Plaintiff has failed to adduce any evidence of a causal link between his October 16, 1998 charge of discrimination and February 14, 2000 termination. This 15-month delay is far too attenuated to support an inference of retaliation. See generally, Clark County School Dist. v. Breeden, 532 U.S. 268, 273, 121 S.Ct. 1508, 1511, 149 L.Ed.2d 509 (2001) ("The cases that accept mere temporal proximity between an employer's knowledge of protected activity and an adverse employment action as sufficient evidence of causality to establish a prima facie case [of retaliation] uniformly hold that the temporal proximity must be Very close.'"); see also Sowell v. Alumina Ceramics, Inc., 251 F.3d 678, 685 (8th Cir. 2001) (seven-month lapse too long for incidents to be temporally and causally related); Richmond v. ONEOK, Inc., 120 F.3d 205, 209 (10th Cir. 1997) (three-month period insufficient to establish causal connection); Grizzle v. Travelers Health Network, Inc., 14 F.3d 261, 268 (5th Cir. 1994) (lapse of 10 months between protected activity and subsequent adverse employment action suggests that retaliatory motive was "highly unlikely"); Hollander v. American Cyanamid Co., 895 F.2d 80, 85-86 (2d Cir. 1990) (same). Nor has plaintiff shown that the reason proffered by defendant for terminating his employment — using abusive and profane language and threatening a co-worker — was a pretext for retaliation. Based on the uncontroverted evidence, plaintiff's retaliation claim fails as a matter of law. See, e.g. McKinney v. Texas Dep't of Transportation, 167 F. Supp.2d 922, 927 (N.D. Tex.) (Fitzwater, J.), aff'd, 31 Fed.Appx. 152 (5th Cir. 2001) (Table) (plaintiff terminated for making threatening statement during meeting); Sarff v. Continental Express, 894 F. Supp. 1076, 1083 (S.D. Tex. 1995), aff'd, 85 F.3d 624 (5th Cir. 1996) (Table) (employer has right to terminate employees "who are continually disruptive and inappropriate, particularly after the employees have been given notice of their wrongdoing").
RECOMMENDATION
Defendant's motion for summary judgment should be granted in its entirety. This case should be dismissed with prejudice.
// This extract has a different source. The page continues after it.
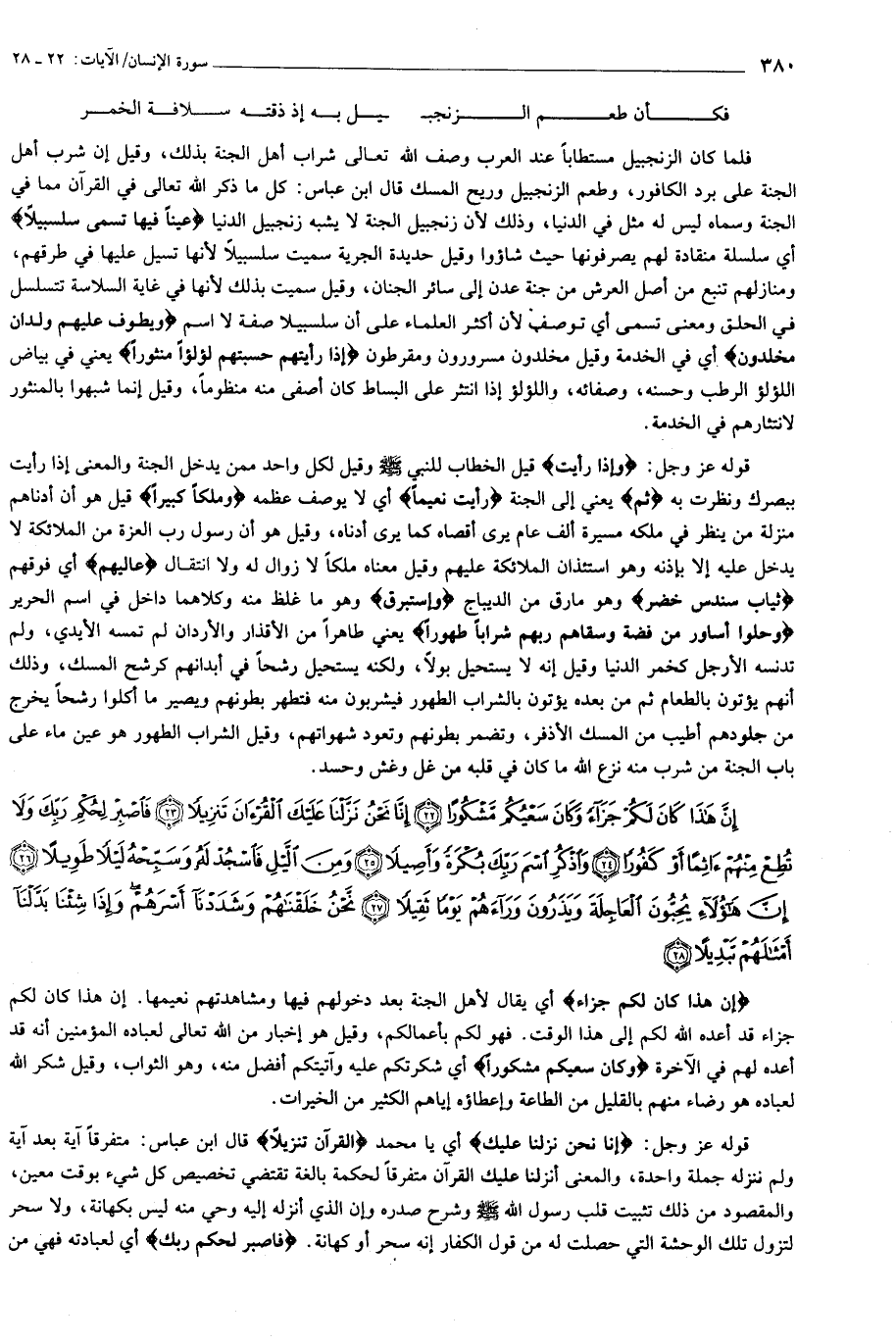 إِنَّ هذا كانَ لَكُمْ جَزاءً وَكانَ سَعْيُكُمْ مَشْكُوراً (22) إِنَّا نَحْنُ نَزَّلْنا عَلَيْكَ الْقُرْآنَ تَنْزِيلاً (23) فَاصْبِرْ لِحُكْمِ رَبِّكَ وَلا تُطِعْ مِنْهُمْ آثِماً أَوْ كَفُوراً (24) وَاذْكُرِ اسْمَ رَبِّكَ بُكْرَةً وَأَصِيلاً (25) وَمِنَ اللَّيْلِ فَاسْجُدْ لَهُ وَسَبِّحْهُ لَيْلاً طَوِيلاً (26)

INSTRUCTIONS FOR SERVICE AND NOTICE OF RIGHT TO OBJECT
On this date the United States magistrate judge made written findings and a recommended disposition of defendant's motion for summary judgment in the above styled and numbered cause. The United States district clerk shall serve a copy of these findings and recommendations on all parties by certified mail, return receipt requested. Pursuant to 28 U.S.C. § 636(b)(1), any party who desires to object to these findings and recommendations must file and serve written objections within ten (10) days after being served with a copy. A party filing objections must specifically identify those findings and recommendations to which objections are being made. The district court need not consider frivolous, conclusory or general objections. The failure to file such written objections to these proposed findings and recommendations shall bar that party from obtaining a de novo determination by the district court. Nettles v. Wainwright, 677 F.2d 404, 410 (5th Cir. 1982). See also Thomas v. Am, 474 U.S. 140, 150 (1985). Additionally, the failure to file written objections to proposed findings and recommendations within ten (10) days after being served with a copy shall bar the aggrieved party from appealing the factual findings and legal conclusions of the magistrate judge that are accepted or adopted by the district court, except upon grounds of plain error or manifest injustice. Douglass v. United Services Automobile Ass'n, 79 F.3d 1415, 1417 (5th Cir. 1996).